Reciprocal Tending
As kids we played outside, digging holes and pinching herbs from the neighbor’s garden, a meal consisting of chives and rhubarb. In pursuit of pie, I carved trails in the blackberry underbrush. In truth, I inflicted a fair amount of havoc on the landscape, stripping the leaves of the cotoneaster for confetti and digging up my dad’s tidy lawn for a fleeting interest in growing corn.
Pleasantly tired and thoroughly filthy, I fought off dusk and parental calls to come indoors at the end of the day for a bath and bed, begging for just a few more minutes in the outdoor kingdom that was my neighborhood. It should be noted that the only screens were the ones slamming on backdoors.


Today my garden remains a place of relative freedom provided I don’t try to resist zonal realities, or start too many seedlings in the rush of spring, or install a thirsty plant in my sandy soil, or... or... or... It’s a place where I can play with color, choreograph blooms, capture light in waving grasses, and even conjure food—although that last item is presently out for review.

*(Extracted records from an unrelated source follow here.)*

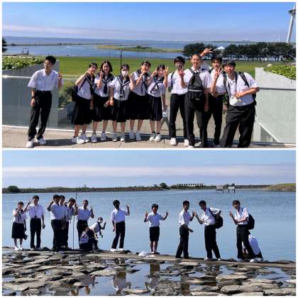 A組、葛西臨海公園の様子です。カニやクラゲを探すなどして楽しんでいます。
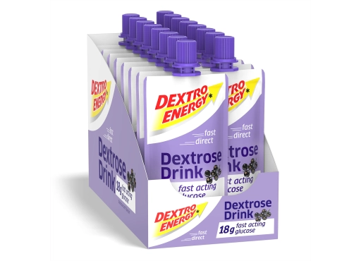 Set mit 12 Packungen flüssiger Glukose Dextro Energy Schwarze Johannisbeere 2WW.
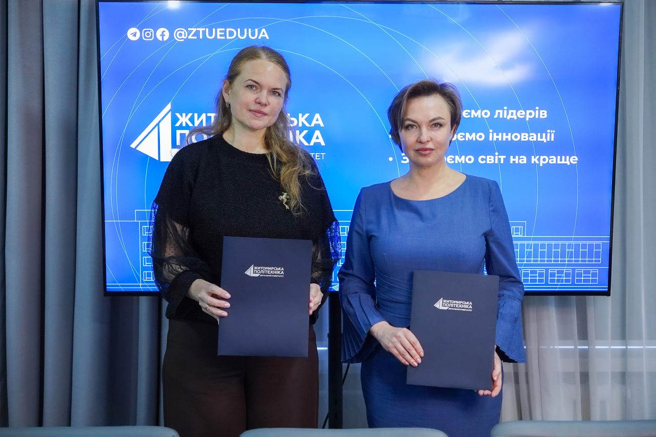 Проректор з науково-педагогічної роботи та молодіжної політики Олена Денисюк та начальник Управління Тетяна Руденька підписали Меморандум про співпрацю в межах проєкту «Спадщина Незалежності. Житомирщина».

At times, responsibilities and deadlines barely leave time for keeping up with basic garden maintenance, like weeding or pruning the pleached crabapple hedge (again). I don’t really mind weeding, except for that red clover-like plant that loves to colonize beds and gravel pathways. But managing the shape of those crabapples is boring and tedious — I might as well be dusting or vacuuming.
I routinely fret about a planet on fire, poisons leaching into our water system, and waste — so much waste. When was the last time you tallied all those plastic pots our beloved plants are sold in. Or wondered what to do when yet another hose springs a leak and must be replaced. You can only patch a leaky hose so many times before your patches have patches.
Don’t even get me started on a world in which a new shovel costs less than the replacement handle for the one I already have. I know what you’re thinking: Upgrade the quality of your tools fair gardener and maybe they’ll last longer. It's true, but—waste. So, I stick to my trusted battery of old digging and raking implements. Although, fed up with constantly losing hand tools, this year I splurged on a swanky leather holster that probably cost as much as replacing my favorite Felcos.
I tell myself that my garden needs me, at least my platonic idea of a pleached hedge needs me— apparently at the top of a ladder wielding clippers. But more accurately, I need my garden. My garden reminds me to stop and pay attention. It gives me moments of beauty and a way to actively support the wellbeing of the environment around me. My garden wears me out, which is a signal to rest. The tending is reciprocal.